Nella delicata sostanza del tessuto narrativo prende rilievo piano piano il singolare incrocio di quei destini. Secondo questa modalità, la sacra rappresentazione riassume forma. Attraverso la voce narrante, a lato dei protagonisti, emerge anche il carceriere pietoso: si chiamava Karl-Albert Brüll, era di stanza allo Stalag VIII-A, era appassionato di musica e non tergiversò a rifornire di carta pentagrammata e matita il trentatreenne compositore francese.

TRENTATRÉ ANNI: come il Messia. Curiosi questi scherzi della sorte e dell’onomastica. Nel testo di Barbieri, concordemente al topos del Trionfo escatologico, Messiaen appare forte e sicuro, anche quando è di fronte ai medici e alle guardie di campo, lo sguardo perso nel vuoto per l’accentuata miopia: «Stringe al petto una borsa dove ha soltanto la musica che era riuscito a portare con sé: un fascio di partiture di Bach, Berg, Debussy, Stravinsky. Un soldato tedesco cerca di strappargliela via, ma Olivier reagisce con rabbia e riesce a tenere la borsa stretta al corpo. Nudo.»

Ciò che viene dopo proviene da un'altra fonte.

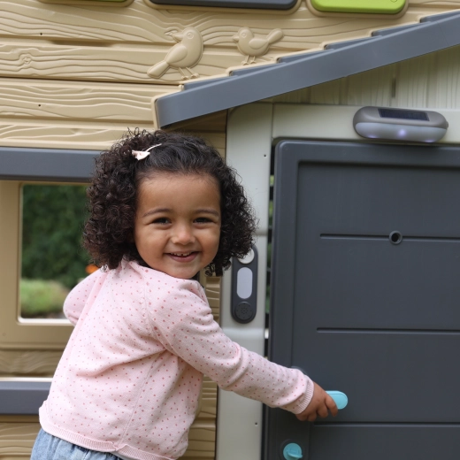 Instalarea este rapidă și simplă, iar soneria este compatibilă cu căsuțele de grădină SMOBY actuale: Jolie, Lovely, Nature, Pretty, Neo Jura Lodge, Friends House, Friends House Evo, 4 Seasons Playhouse, Sweety Corner Playhouse, Garden House Playhouse, Chef House Playhouse, căsuța pe piloni. Este suficient să adăugați 2× AAA/LR03 baterii (nu sunt incluse) și distracția poate începe.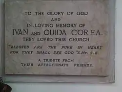 The plaque near the altar at St. Luke's Church remembering the work of Ivan Corea, the longest-serving vicar of the church and his wife Ouida Corea.
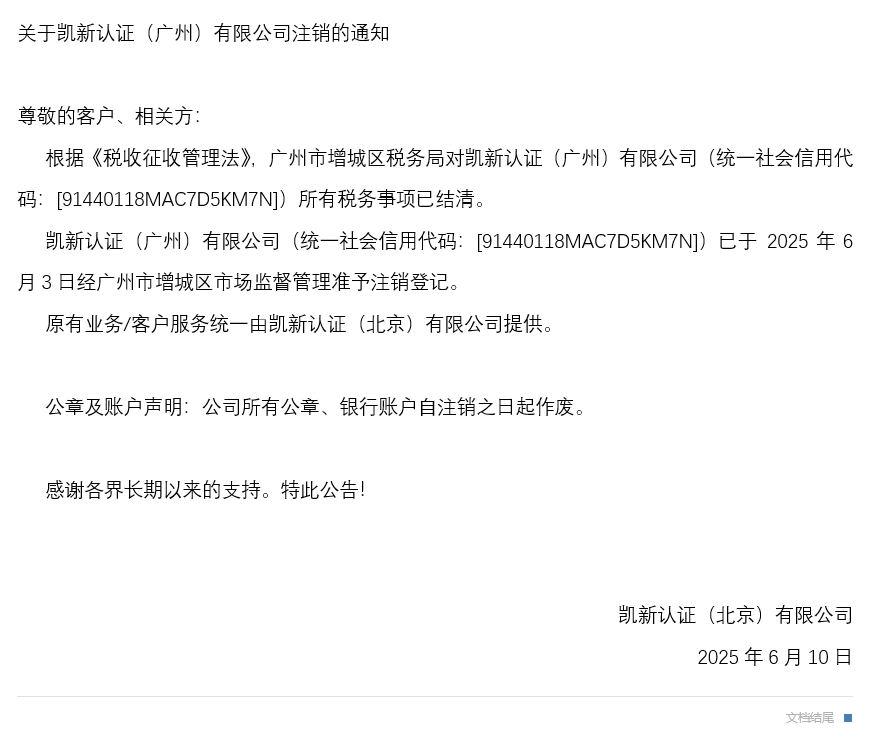 工作通知關(guān)于子公司凱新認(rèn)證(廣州)有限公司注銷的通知
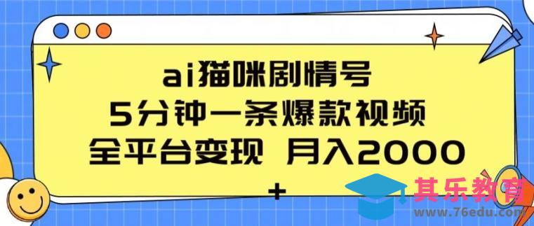 ai猫咪剧情号 5分钟一条爆款视频 全平台变现 月入2K 【揭秘】

Allo stesso modo, quando uno dei tre compagni organizza la fuga e lo invita a seguirlo, Messiaen risponde di no, perché è Dio che l’ha voluto lì, in quel tempo e in quel luogo. Görlitz è la terra desolata. L’etimo la vuole dallo slavo, col significato di «terra bruciata». Le genti del posto ardevano il suolo per restituirlo ricco e ferace. Del resto, si sa, come nell’aprile di Eliot, la terra morta genera precipuamente fiori. Bisognava bruciare i tempi di marcia per sollevarsi dai dolori del mondo, secondo il Libro della Rivelazione di Giovanni, che è un libro di Speranza e non di catastrofe. Era necessario polverizzare i ritmi ossessivi di cavalleria pesante della musica con il canto libero e senza metro degli uccelli, che Messiaen, da esperto ornitologo, amava e studiava ancor prima di trasferirli nel suo celeberrimo Quatuor.